Так уж случилось, что за годы войны у меня сменилось несколько техников, и ни разу мне не приходилось сомневаться в готовности самолета к вылету, ни разу машина не подводила меня в бою. Я никогда не проверял ни горючее, ни масло, не осматривал перед вылетом самолет и не расписывался в приемке машины, как того требовала инструкция. Так поступали и другие летчики. И я не помню такого случая в нашем полку, чтобы техник подвел летчика. Пилоты гордились своими техниками, техники - своими летчиками. Профессиональной гордости техника не было предела, если "его" летчик сбивал вражеский самолет.

Могу сказать определенно: без хорошей работы технического персонала не может быть боеспособной авиации. И не было бы нашей победы в небе, окажись техники не на высоте. Основы нашего господства в воздухе закладывались на земле, когда техник, приняв машину у летчика после боевого вылета, начинал колдовать над ней, невозмутимо и споро. Повторяю, труд этот, кропотливый и нелегкий, не был внешне эффектен, но мы-то, взлетавшие ежедневно на своих видавших виды машинах, знали, какой ценой оплачивались наши победы. Так что гордились мы друг другом взаимно и очень дорожили нашей дружбой.

Не знаю, когда техники отдыхали. У нас еще выпадали свободные минуты: по метеоусловиям или по другим причинам полеты иногда отменялись. Для техника же время нашего простоя было самой горячей порой. Он хозяйничал у истребителя, стоящего на земле, до очередного вылета. Когда же самолеты уходили на задание, то для техника наступали минуты переживаний: как там "его" машина, как летчик. И когда самолет не возвращался из полета, дольше всех ждал его на стоянке верный техник, упорно и терпеливо вглядываясь в даль.

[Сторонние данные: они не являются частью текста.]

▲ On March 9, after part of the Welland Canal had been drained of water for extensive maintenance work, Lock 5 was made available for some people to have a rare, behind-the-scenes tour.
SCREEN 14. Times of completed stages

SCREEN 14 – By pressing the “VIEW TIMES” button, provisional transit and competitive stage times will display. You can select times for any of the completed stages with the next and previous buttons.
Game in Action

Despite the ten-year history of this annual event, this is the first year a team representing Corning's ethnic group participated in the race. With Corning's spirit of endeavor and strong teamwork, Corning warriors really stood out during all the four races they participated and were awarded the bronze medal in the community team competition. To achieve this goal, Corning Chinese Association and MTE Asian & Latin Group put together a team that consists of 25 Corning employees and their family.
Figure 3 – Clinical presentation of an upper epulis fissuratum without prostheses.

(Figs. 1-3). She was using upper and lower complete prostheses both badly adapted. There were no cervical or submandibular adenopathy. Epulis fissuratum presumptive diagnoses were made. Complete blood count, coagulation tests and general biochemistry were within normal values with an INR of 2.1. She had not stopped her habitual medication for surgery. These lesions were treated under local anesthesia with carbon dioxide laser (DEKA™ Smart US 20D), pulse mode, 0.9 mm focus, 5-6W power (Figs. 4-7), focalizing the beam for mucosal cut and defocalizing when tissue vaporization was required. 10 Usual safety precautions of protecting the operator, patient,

...Ракета. Мы бежим к своим машинам, возле которых уже стоят с парашютами наши техники. Коля быстро застегивает поясные и плечевые ремни, я забираюсь в кабину - там уже аккуратно разложены привязные ремни. Включаю зажигание. Запускаю мотор. Он работает нормально.

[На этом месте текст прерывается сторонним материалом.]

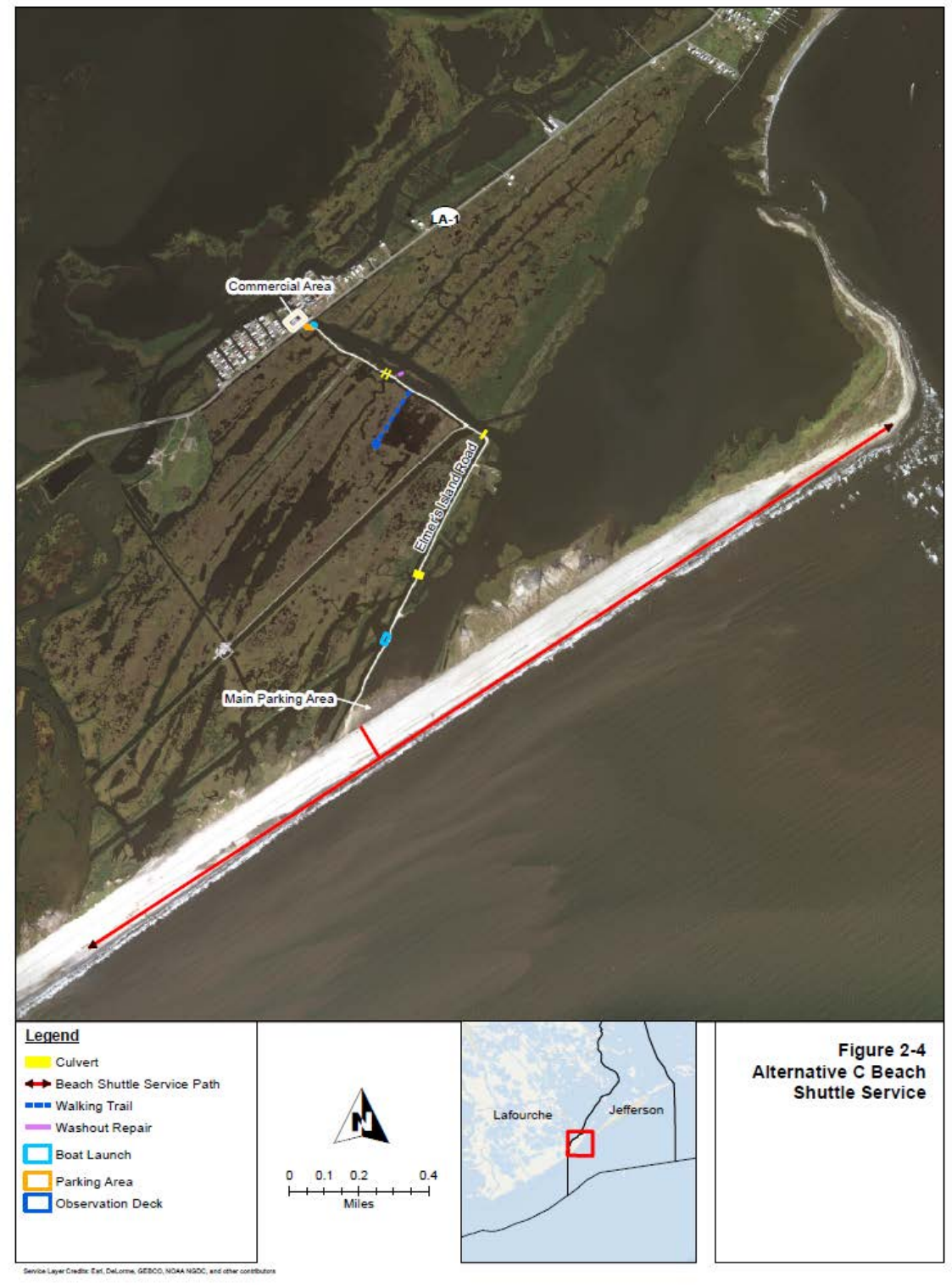
Figure 2. Preferred Modification to Project Scope (Shuttle Service)

- Счастливого полета, товарищ командир, - машет мне рукой Зарников.

Самолет уходит в небо...

Под бомбами

Весна сорок пятого года. Линия фронта проходит по Одеру. По всему видно наступает заключительный этап войны.

...До сих пор мы стояли в Познани. Аэродром этот остался в памяти летчиков полка невеселым воспоминанием. Во-первых, он был значительно удален от линии фронта, и это сильно ограничивало наши возможности: пока долетишь - бензин уже на исходе, а ведь надо и наземные войска прикрыть, и противника атаковать. Недостойно это для летчика - возвращаться домой без результата. Тем более что в нашем полку такой факт рассматривался как событие - сколь редкое, столь и нежелательное. Во-вторых, при перебазировании на аэродром в Познань погибла наша Зорька. Она должна была, как обычно, лететь последним рейсом. Но из-за плохой погоды С-47 не полетел. Три дня сидел экипаж на старом аэродроме. Зорька загрустила и решила, видно, отправиться на поиски своих друзей. Она двинулась леском вдоль дороги. По трассе в это время передвигалась какая-то часть, и медведица, мелькавшая в перелеске, оказалась удобной мишенью для расторопных солдат. С одной из проходящих машин раздалась автоматная очередь, и Зорьки не стало. Когда техники хватились Зорьки, было уже поздно. Бросившись за ней в погоню, они подоспели слишком поздно. Бездумная автоматная очередь всех нас надолго ввергла в уныние: веселая озорная Зорька была всеобщей любимицей, и гибель ее мы переживали искренне и долго...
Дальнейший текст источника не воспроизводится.